Я усиленно вглядывался вперед, через плечо Брика и временами видел груженые фуры, несущиеся нам лоб в лоб по встречной полосе шоссе. В ужасе вздрагивал и просыпался, пробовал смотреть назад и вскоре замечал стаю волков, догоняющих нас. И в том момент, когда вожак стремительно кидался на меня, широко распахнув зубастую пасть, я опять вздрагивал и просыпался. А потом вновь глядел вперед на мчащиеся нам навстречу грузовики...
Видимо, мы уже долго шли, ибо солнце светило почти вертикально. Брик ни разу не остановился, чтобы передохнуть. Воистину он был невообразимо силен. Внутри него что-то клокотало, будто в огромном кипящем котле. Я же ощутимо подмерзал. Мне было страшно думать, сколько еще нам предстояло идти и сколько сил осталось у Брика.
Солнечные лучи светили ярко, но не грели.
Вдруг Брик остановился, бережно усадил меня на снег, снял с себя куртку, дополнительно укрыл меня ее и пошел вперед один, ступая осторожно и медленно. Я изо всех сил шевелил замерзшими пальцами и тер онемевшие щеки.
Брик вернулся, взглянул ободряюще, подхватил меня и вновь зашагал. И вот тут мы провалились под лед. Брик ушел почти по грудь, рванулся, взбурлил ледяную воду и вырвался на снег. Удивительно, но я совсем не намок, он и тут спас меня. Его же покрыла толстая ледяная корка льда.

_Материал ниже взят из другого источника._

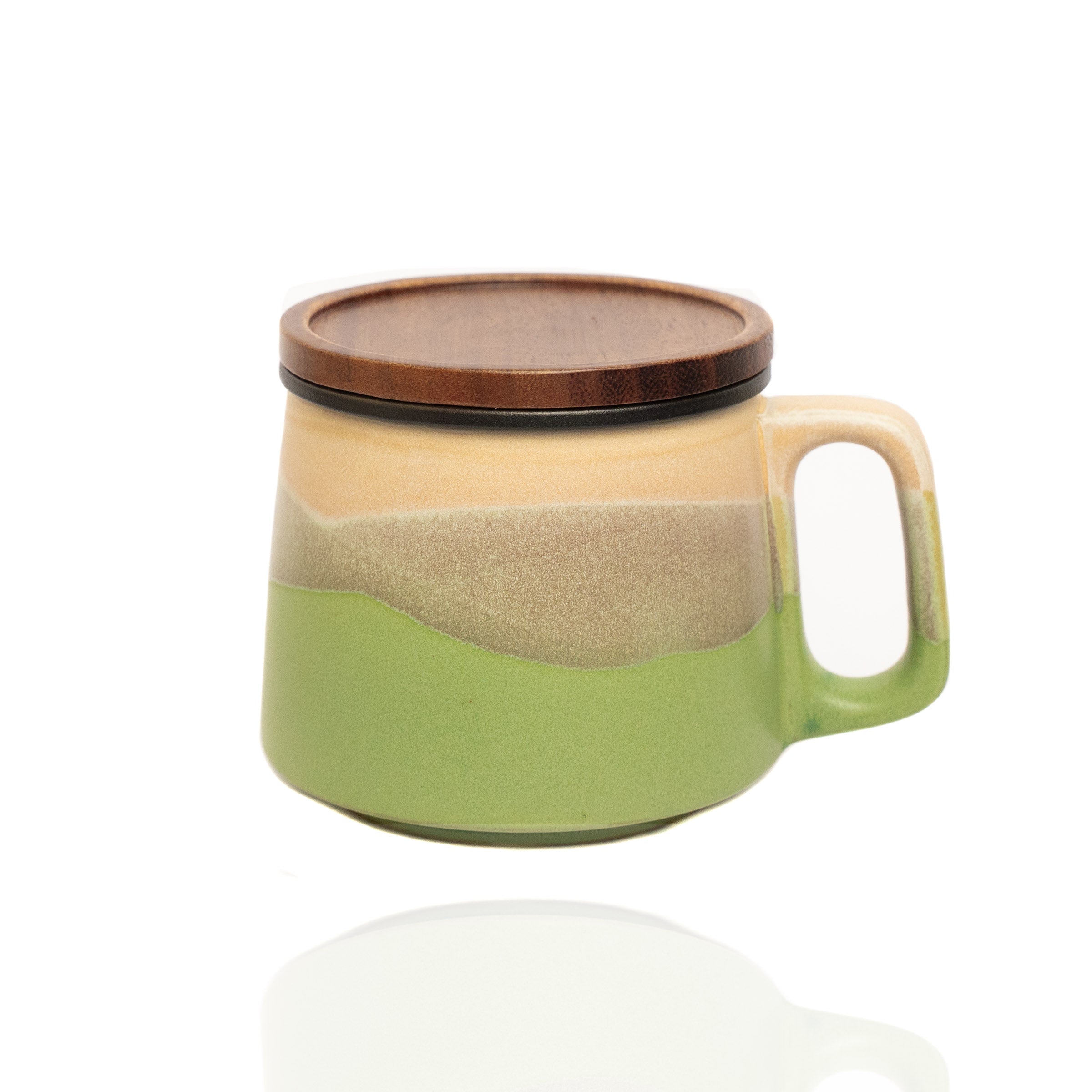 Hand holding a ceramic mug with a layered design, featuring green, beige, and brown colors.

Непостижимо, как можно провалиться под лед в такой мороз. Однако дело как раз в морозе. Последние дни температура стабильно держалась ниже тридцати, и бурный ручей, который мы переходили, перемерз до дна в самом узком, но быстром месте. И тогда мощный поток воды проломил ледяной покров и растекся поверху, покрывшись свежим непрочным слоем льда.

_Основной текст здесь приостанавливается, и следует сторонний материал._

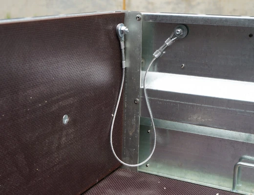Борта толщиной 1,5 мм выполнены из оцинкованного металла с использованием лазерной резки и высокоточной гибки, оборудованы скобами для крепления евро-тента. Устойчивость к деформации, высокую жесткость обеспечивает специальный гнутый профиль борта. Передний и задний откидные борта усилены фанерой, быстросъемные, фиксируются бортовыми замками. Задний борт оборудован тросиками, усилены места крепления тросиков к бортам. Стойки бортов выполнены из 3 мм оцинкованной стали, есть возможность фиксации каркаса тента к стойкам боковых бортов.

Мы отползли от опасного места. Тяжело дыша, Брик будто бы с удивлением некоторое время разглядывал свое обледенелое тело, а затем вновь потащил меня на руках. Это было больше, чем невозможно, но он шел, не обращая внимания ни на что.
Я уже плохо соображал, что происходит. Пронизывало одно лишь острое желание дойти. Дойти! Дойти! Дойти! И еще щемящая жалость к этому сильному человеку - собственно чужому мне человеку, какого я знал всего два дня, - который нес меня, словно отец любимого беззащитного ребенка. Я забыл, когда плакал последний раз, но тут слезы из моих глаз лились не переставая, замерзая на одеревеневших щеках.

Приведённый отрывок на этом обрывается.